● TASK PROMPT
Pictures must not appear in the copy. Restate exactly the lines below from the one with "慕名而來的遊客比預期中少" through the one with "De Cherbourg-en-Cotentin au", inclusive.

● THE DATA
************

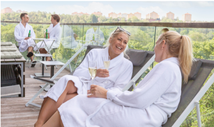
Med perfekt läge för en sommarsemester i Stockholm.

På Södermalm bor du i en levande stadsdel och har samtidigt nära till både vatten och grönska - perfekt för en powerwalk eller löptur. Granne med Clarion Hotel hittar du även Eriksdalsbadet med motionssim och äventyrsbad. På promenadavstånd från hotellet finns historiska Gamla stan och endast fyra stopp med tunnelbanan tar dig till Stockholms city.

************

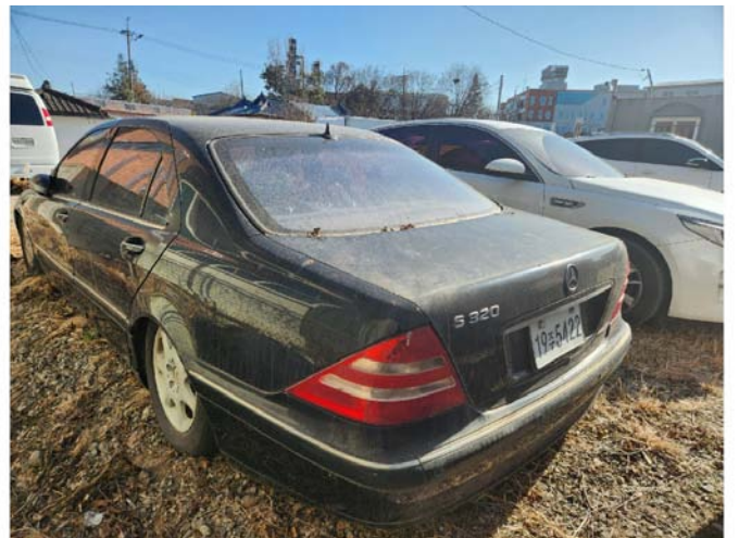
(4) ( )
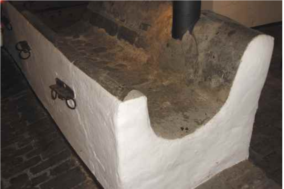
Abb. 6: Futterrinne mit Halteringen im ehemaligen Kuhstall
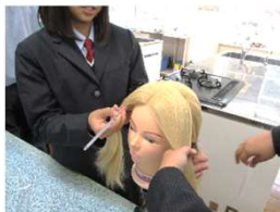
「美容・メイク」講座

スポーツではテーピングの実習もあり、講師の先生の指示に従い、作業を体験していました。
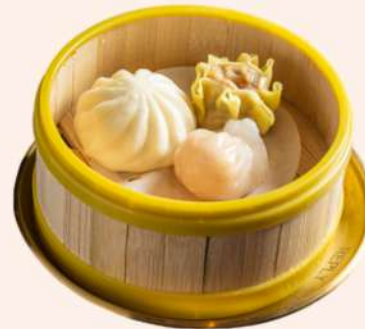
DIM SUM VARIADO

************

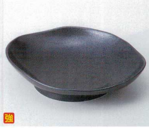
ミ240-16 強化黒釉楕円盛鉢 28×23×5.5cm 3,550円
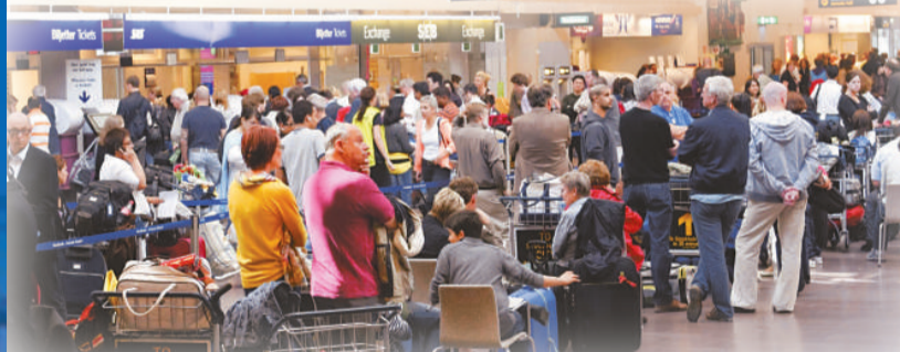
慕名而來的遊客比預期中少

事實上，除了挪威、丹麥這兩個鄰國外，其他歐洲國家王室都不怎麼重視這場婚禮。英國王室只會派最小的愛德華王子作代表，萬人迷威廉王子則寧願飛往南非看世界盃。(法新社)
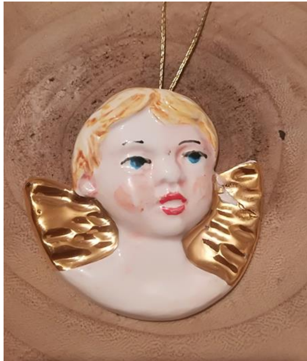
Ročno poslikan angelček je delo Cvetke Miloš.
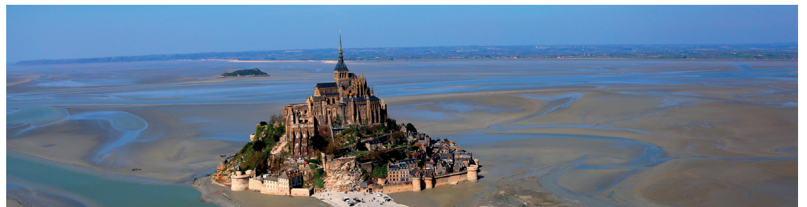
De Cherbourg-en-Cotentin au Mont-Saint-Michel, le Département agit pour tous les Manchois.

************

● EXPECTED ANSWER
慕名而來的遊客比預期中少

事實上，除了挪威、丹麥這兩個鄰國外，其他歐洲國家王室都不怎麼重視這場婚禮。英國王室只會派最小的愛德華王子作代表，萬人迷威廉王子則寧願飛往南非看世界盃。(法新社)
Ročno poslikan angelček je delo Cvetke Miloš.
De Cherbourg-en-Cotentin au Mont-Saint-Michel, le Département agit pour tous les Manchois.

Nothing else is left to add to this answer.